A luxury on long flights is the ample opportunity for a pilot to demonstrate their skills in a relaxed, slower paced setting. And since we'll be doing two cross-country flights with a break in between, the candidate gets a chance to integrate what he learns on the trip down and apply it on the trip back. Learning is a change in behavior ... A flight instructor candidate will be riding along in the back seat, observing, taking some photos and videos, and sharing the fun. The surface temperature at Oakland is a sizzling 34˚C, the air is still and bone dry, and it will be a thousand years until the winter rains come.

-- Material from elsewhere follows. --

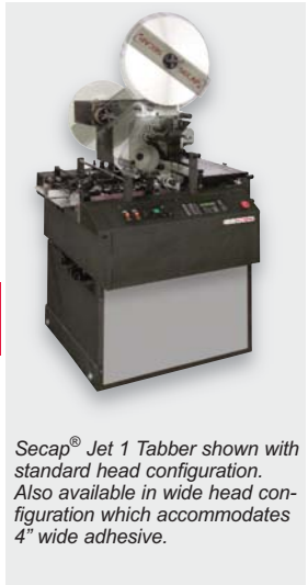
Secap® Jet 1 Tabber shown with standard head configuration. Also available in wide head configuration which accommodates 4" wide adhesive.

The aircraft for tonight's flight is a well-equipped, late-model G1000 Cessna 172 with a nice, accurate autopilot. That should help relieve the tedium of the long flight. We depart Oakland, turn to the East and begin a slow climb. Norcal Approach eventually clears us up to 5,500 feet and the outside air temperature gradually drops to 28˚C. That's over twenty degrees warmer than the standard temperature for this altitude, but the air flowing out the tiny cabin air vents feels surprisingly cool.

The initial route takes us over Tracy, California and then we begin some IFR flying (I Follow Roads) along Victor I-5, a major commercial freeway that runs the length of the state. It's hard to get lost following a big swath of pavement and there are several small airports along the route, just in case we unexpectedly need one.

Dead ahead is the Lemoore Military Operations Area, which brings up the first topic of discussion: Is the Lemoore MOA active? The pilot had planned a different route than what I've asked him to fly. He planned the trip primarily using IFR charts and confesses a dislike for VFR charts, but now he consults his sectional and finds the Lemoore MOA is listed as active. Just to be sure, he asks the approach controller who tells us the MOA is cold. Good to know that in the entire state of California, something is cold.

As we near Los Banos, it's time to divert and the fun begins. I take away the GPS navigational information and after drawing a course line, measuring the magnetic course and distance, estimating the time en route and fuel required, another lesson is learned: On long trips it sure helps to have a big plotter instead of one of those small, compact rulers. Flying along the new course using dead reckoning and pilotage distracts us from the heat. The winds aloft are negligible, the ride is smooth, and as the sun sinks to the horizon the Sierra Madre are bathed in a golden light.

The pilot locates and identifies various airports along the way, Madera, Fresno, Reedly. During the descent to Woodlake, California, the new destination, the temperature climbs. The Sierra foothills shimmer in the twilight and seem to be glowing from within. Peaceful orchards and farmland are slipping by underneath us, lush and green in spite of the heat. The life of a professional flight instructor is fraught with difficulties, but this view makes the trials and imperfections melt away. A little voice in my head says, "Fix these sights in your memory and they will give you solace in the future."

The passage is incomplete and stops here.